We drove by a gas station on the way. There was a guy out front with a hose and a sign, “$3 Pollen Spray Off After You Fill Up”.

He had a line.

*Hey Wait, That Sounds Like a Brand of Cookies*
So, with all the background about our drive over to the ballpark, I guess I could actually end with a story AT the ballpark. When we were waiting in line to buy our tickets, there were two, very young, very attractive, very YOUNG women in front of us. Probably from one of the local colleges. They were flirting up a storm with lil HokieJayBee. He is a cutie! And he went into shy-mode-1.0. Like, he’s not shy, ever. Until now.

I mean, literally in the same ticket line, he was hamming it up with the couple in line behind us. A little older than me, nothing special or un-special about them, but just a husband/wife there to enjoy the game. And lil HokieJayBee put on his usual non-shy show for them. Not 2 minutes later when the attention from the young ladies started, did he shut right down and literally hide between my legs, actually blushing.

Later, when we got to our seats, I commented to papa HokieJayBee how funny it was, that even at this early of an age, boys seem to have a gene that makes them clam up in the presence or attention of attractive young females. And I jokingly told lil HokieJayBee that this won’t be the last time he clams up like that around cute girls. He had no idea what I was talking about and just wanted more Sprite.

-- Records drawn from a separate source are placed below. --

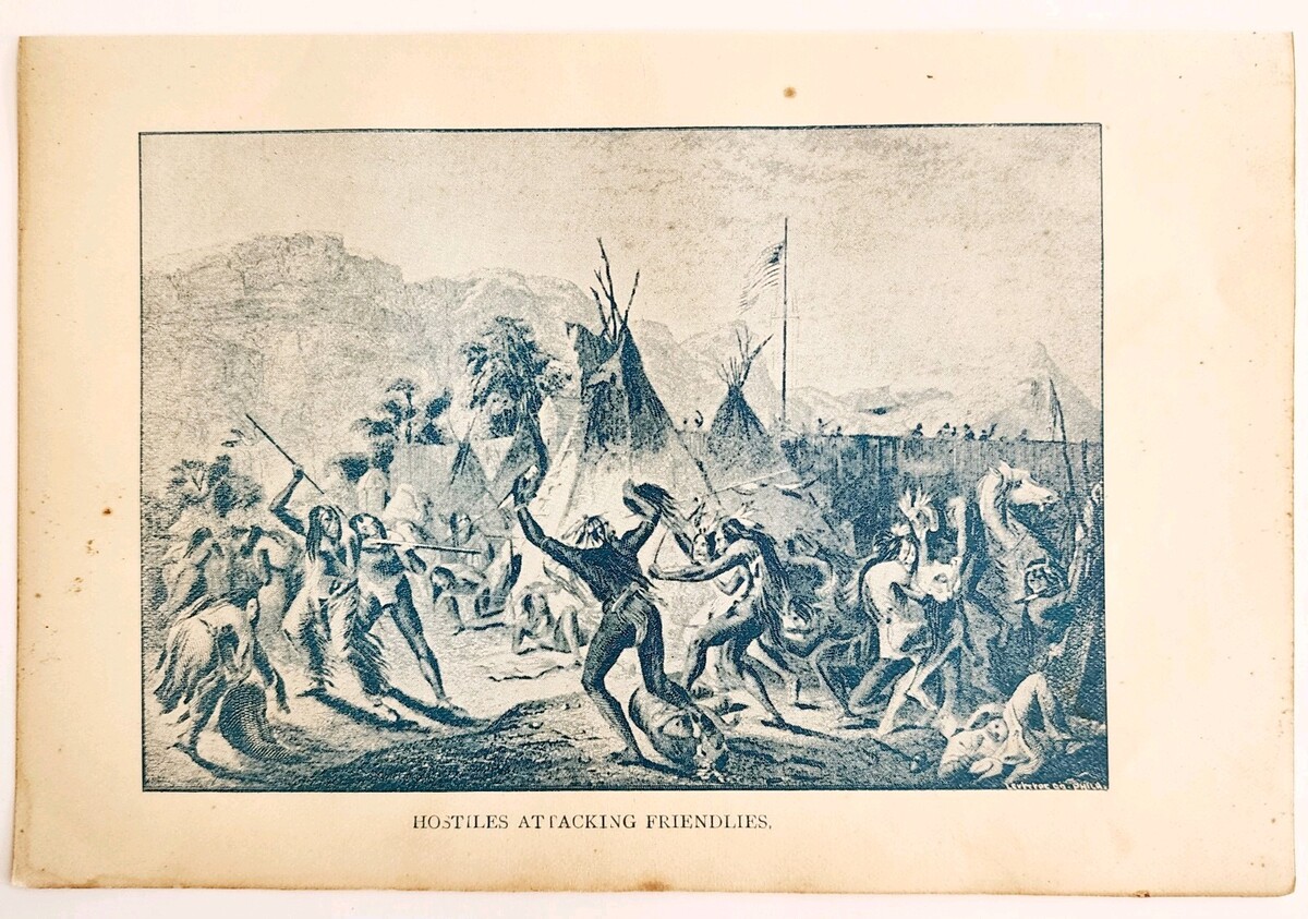 - 1891 Tribal Battle Plate Print Victorian Indian Wars Sitting Bull History F6G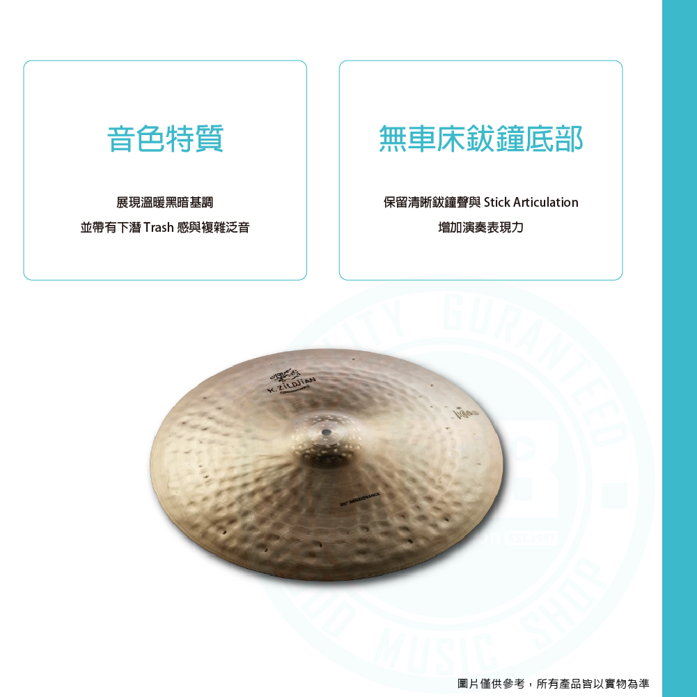 ◆ 無車床鈸鐘底部保留清晰鈸鐘音色與 Stick
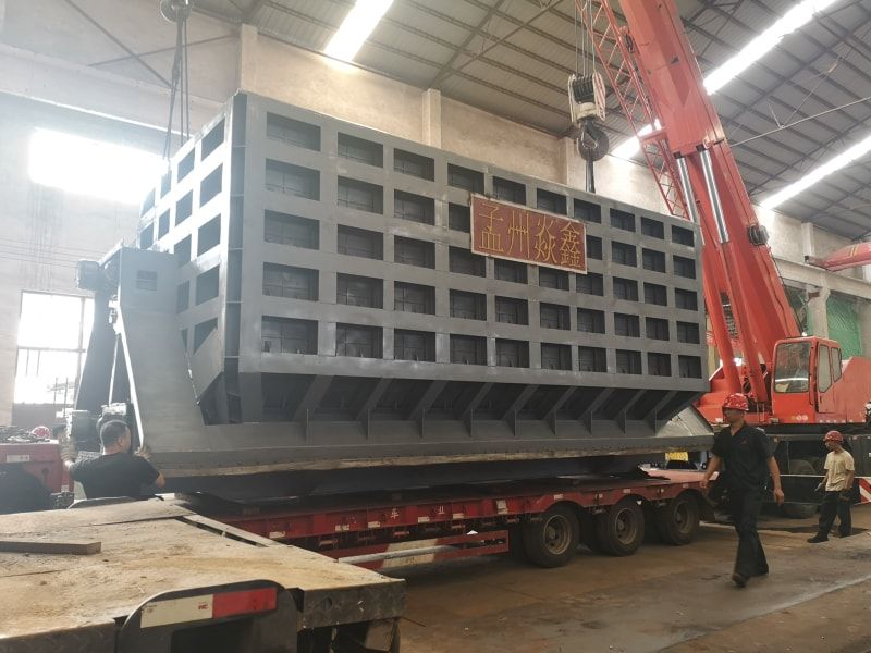 熄焦車是通過電機車牽引的,開門氣缸的氣源在電機車上,來自電機車的壓縮空氣通過軟管連接器,以及氣路傳給氣缸。電機車可以在熄焦車兩端掛鉤牽引,壓縮空氣可以在熄焦車的兩端接通,當電機車在熄焦車的左端掛鉤時,關閉熄焦車上氣路的右端球閥,反之,當電機車在熄焦車的右端掛鉤時,關閉熄焦車上氣路的左端球閥?! ∠ń管嚨拈_門機構采用齒輪、齒輪傳動,齒條與驅動氣缸的活動賽桿,通過銷軸鉸接在一起,氣缸兩端進氣,帶動齒條前后移動,裝在傳動主軸上的齒輪與齒條嚙合,這樣在齒條的移動過程中使得齒輪轉動,軸也轉動,從而使裝在主軸兩端的擺桿將熄焦車的左右車門打開(或關閉),以達到卸焦和關門的目的。 熄焦車上開門機構的擺桿可以在圓周上旋轉128°角。在128°擺角的兩極限位置上有剛性限位及限位開關,以保證左右車門開啟位置在650±20mm范圍內。限位開關只起車門開到極限位置時的報警作用。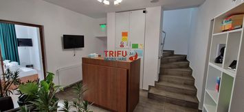 Va propunem spre inchiriere o pensiune, pretabila si pentru spatii de birouri, in Alba Iulia cartierul Cetate, avand 8 camere cu bai individuale, 2 bai de serviciu, balcon, bucatarie si locuri de parcare in curte.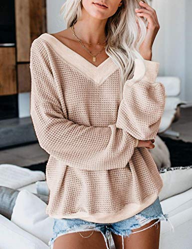 Lalala Maglione da donna con scollo a V, oversize, senza spalline, a maniche lunghe albicocca S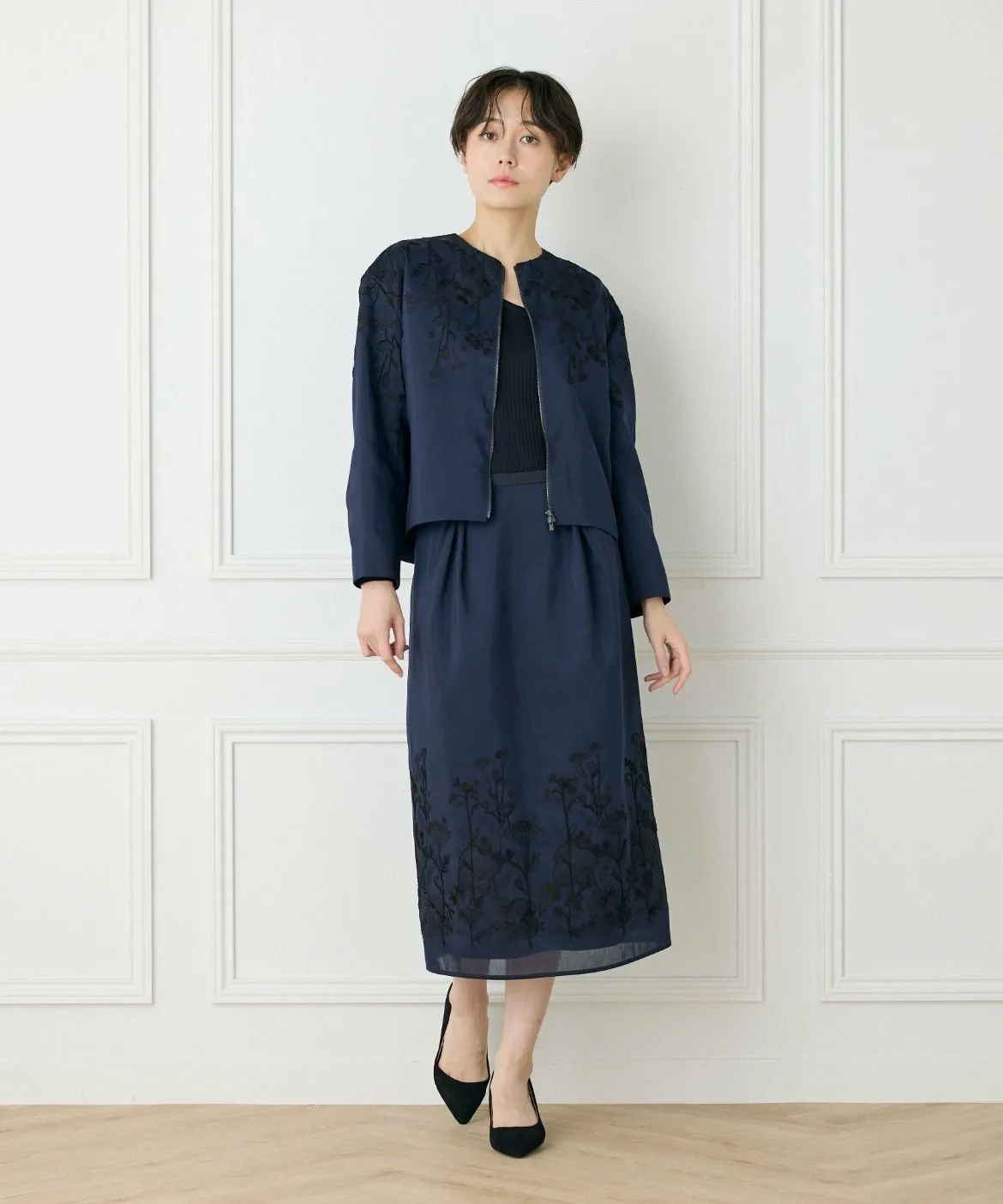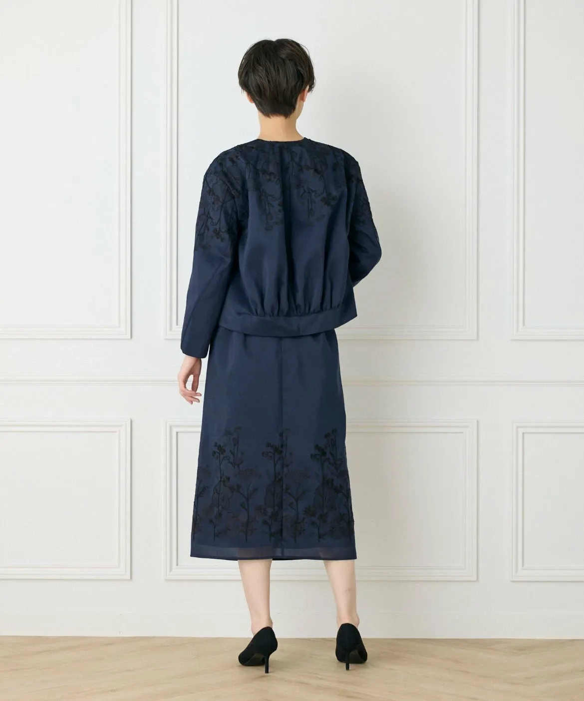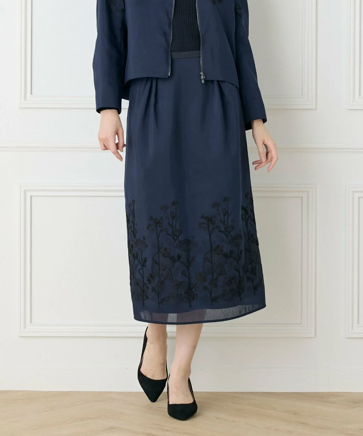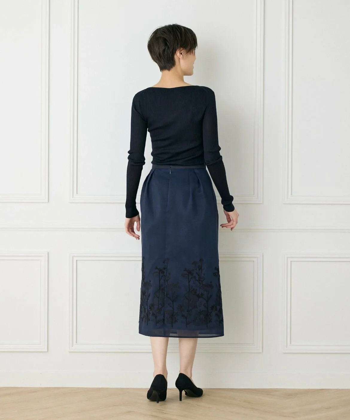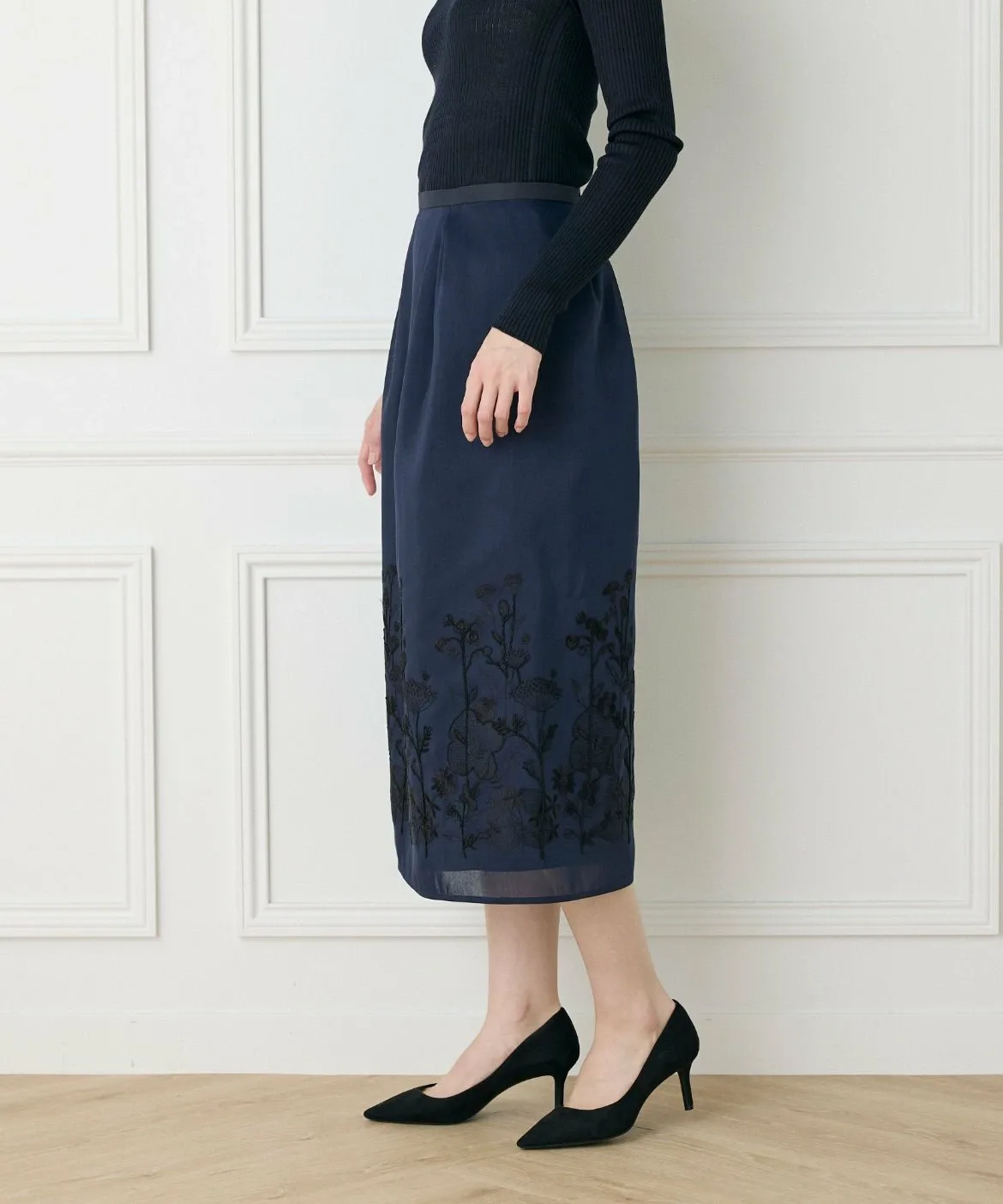 Длина макси подчеркивает вертикальные линии, делая это изделие стильным. Органза, отличающаяся своей плотностью и естественным видом, представляет собой трехмерную вышитую ткань, выполненную из плетеной нити. Вышивка по низу создает великолепный эффект. Мы также рекомендуем сочетать его с блузоном из того же материала.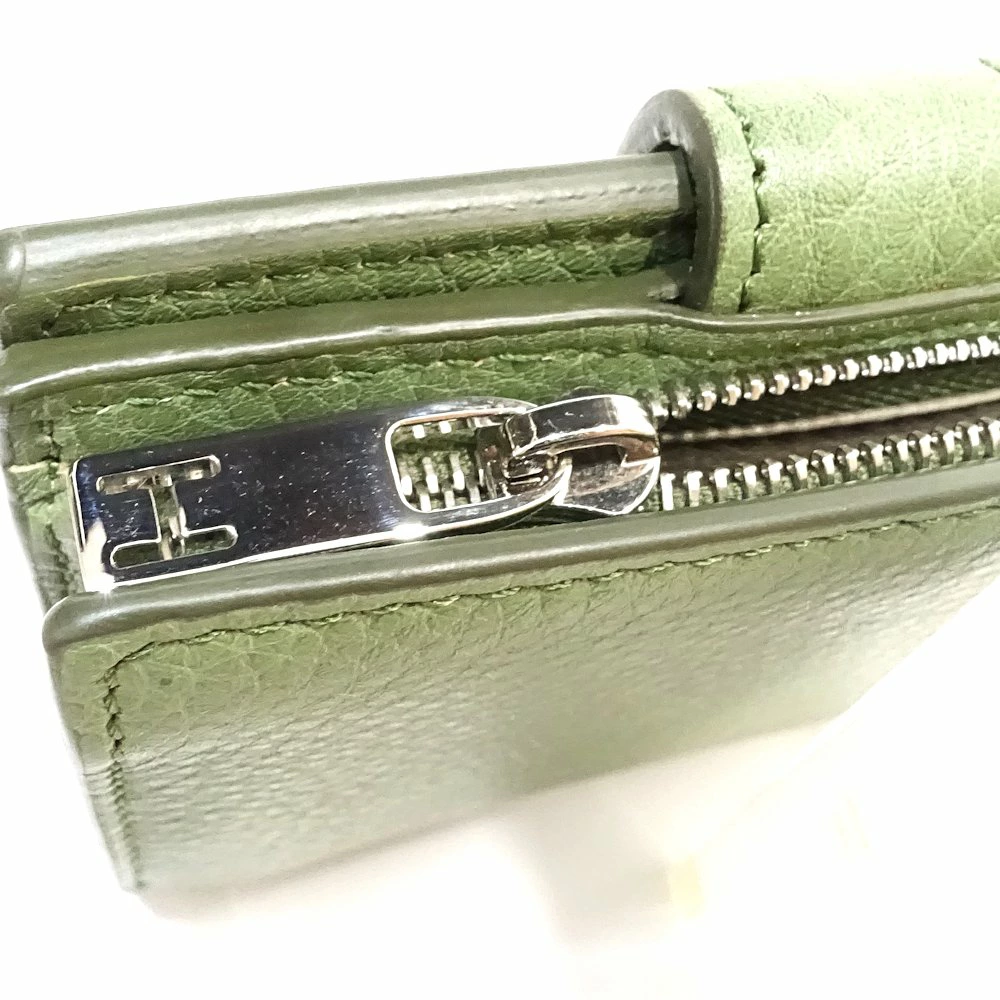 [Pre-owned] HIROFU Bi-fold Compact Wallet, Leather, Green, Women's /181616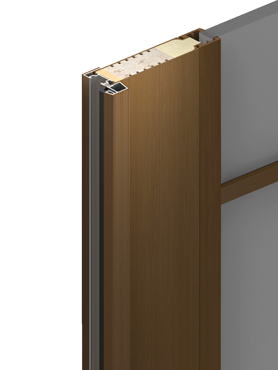 Aluminum astragal with fiberglass cladding are manufactured to match MASTERGRAIN™ door panels.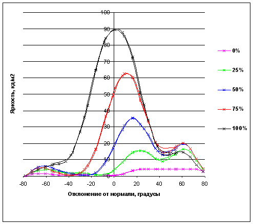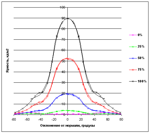 Зависимость яркости полутонов (0% — черный, 100% — белый) в центре экрана от отклонения оси датчика (отрицательные значения — вниз, положительные значения — вверх) от нормали к экрану в вертикальной плоскости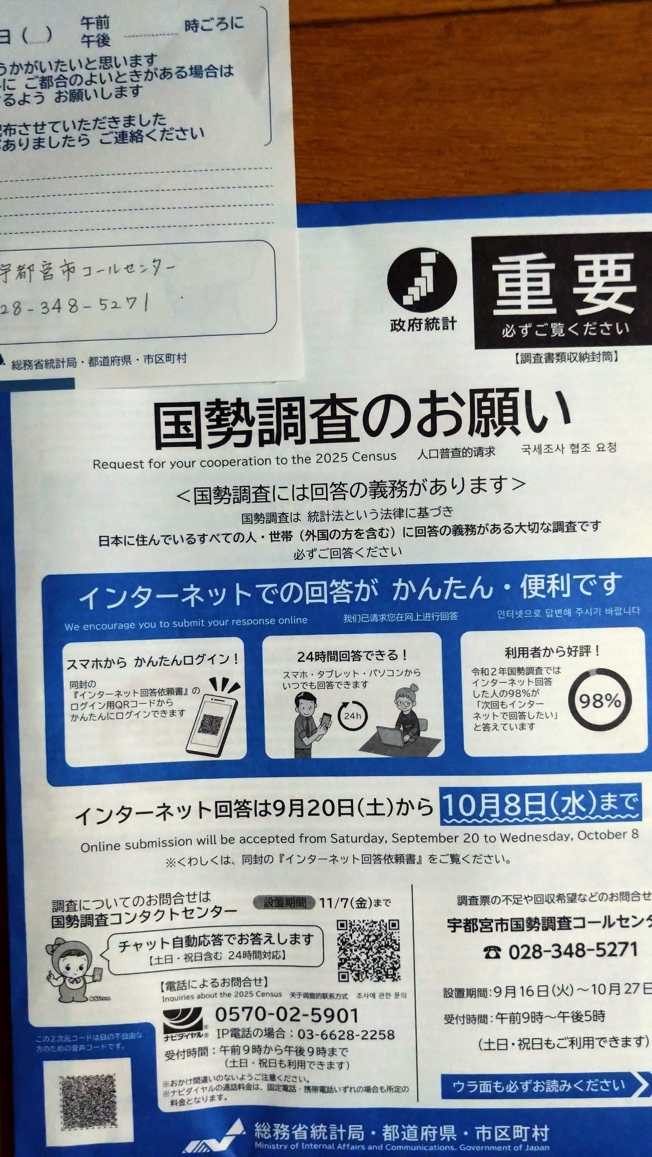 5年に一度の国勢調査5年もすると取り巻く環境も変わっていないようでやっぱり変わっているものですねダンナさんが亡くなって下の息子が婚姻して家族が増えた自分のカラダも変化体重を増やさないように気をつけるのはタイヘンです(;^_^Aともかく元気でいられるのはありがたいことです次の5年後仕事をやめて、何をしているやら病気で死んでいるかもしれないし…元気で遊びほうけているかもしれないし…また、同じことを考えながら国勢調査してるかな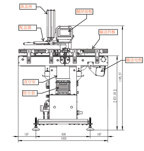 完成灌裝工序沒有加蓋子的瓶子從機器的進出罐輸送左側(cè)進入,在輸送器的兩側(cè)擋板上裝有氣動的擋罐裝置,擋罐器的作用是確保每次只有一個瓶子進入推送位置,并且在在抽真空旋蓋過程中其它瓶子不會誤入。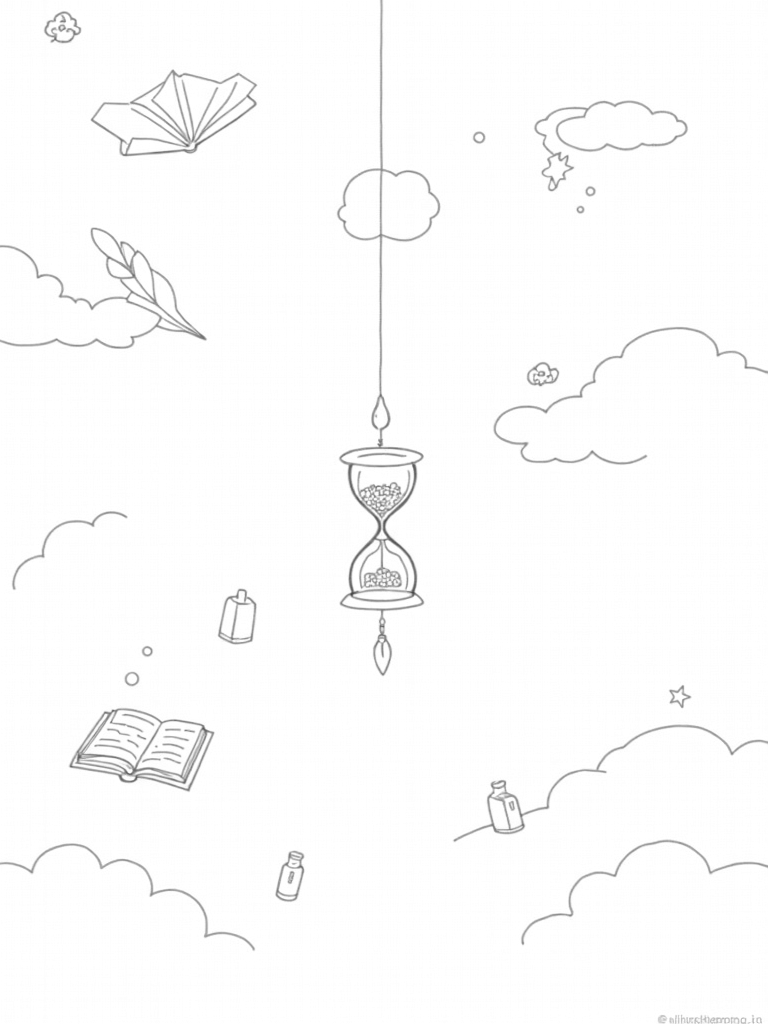 This scene is straight out of a dream! Imagine a library where ancient books float among fluffy clouds, and glowing quills are scribbling magical words in the air. At the center, there's a giant hourglass filled with shimmering stardust, casting beautiful shadows all around. It feels like a place where anything is possible!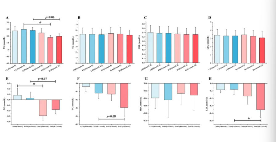 本次临床实验在江南大学附属医院开展,结果显示:以甘油二酯食用油替代传统家庭烹调用油,干预12周后,受试者的低密度脂蛋白胆固醇(LDL-C)水平相比于对照组(甘油三酯组)出现显著降低,同时甘油三酯(TG)水平也呈现下降趋势。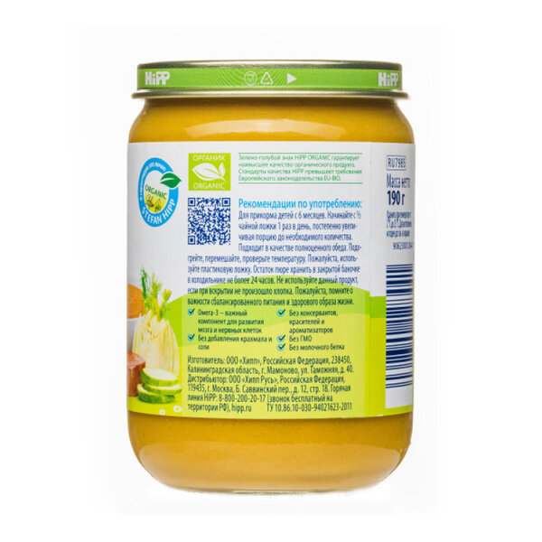 | Состав | кабачок / морковь / фенхель / картофель / мясо индейки / мука рисовая грубого помола (для консистенции) / масло рапсовое / зелень укропа сушеная / тмин молотый / вода (для приготовления) |

So I have no idea, nor am I able to transpose for you how the conversation wandered as it did. I shouldn’t even begin to try and list the progression of the ideas in the conversation, but it went something like this:

- lil HokieJayBee shy in line in front of girls.
- I remark about how even at that young age, boys are like that.
- I wonder what they’re doing here at the ballpark alone.
- They probably go to one of the local colleges.
- Meeting dudes at a ballpark seems like a logical idea.
- They must be freshman.
- They haven’t put on the freshman 15 yet.
- Clearly not in the Navy (my dad is a retired Navy pilot).
- Or if they are, they have office jobs, because girls like that don’t get sent underway.
- Or if they are stationed on a ship, they haven’t been long.
- Because they haven’t yet put on the Navy’s freshman 15 yet.

“Hips Ahoy!”

Yeah. Papa HokieJayBee shoots and scores with that one. And it’s officially added to my repertoire.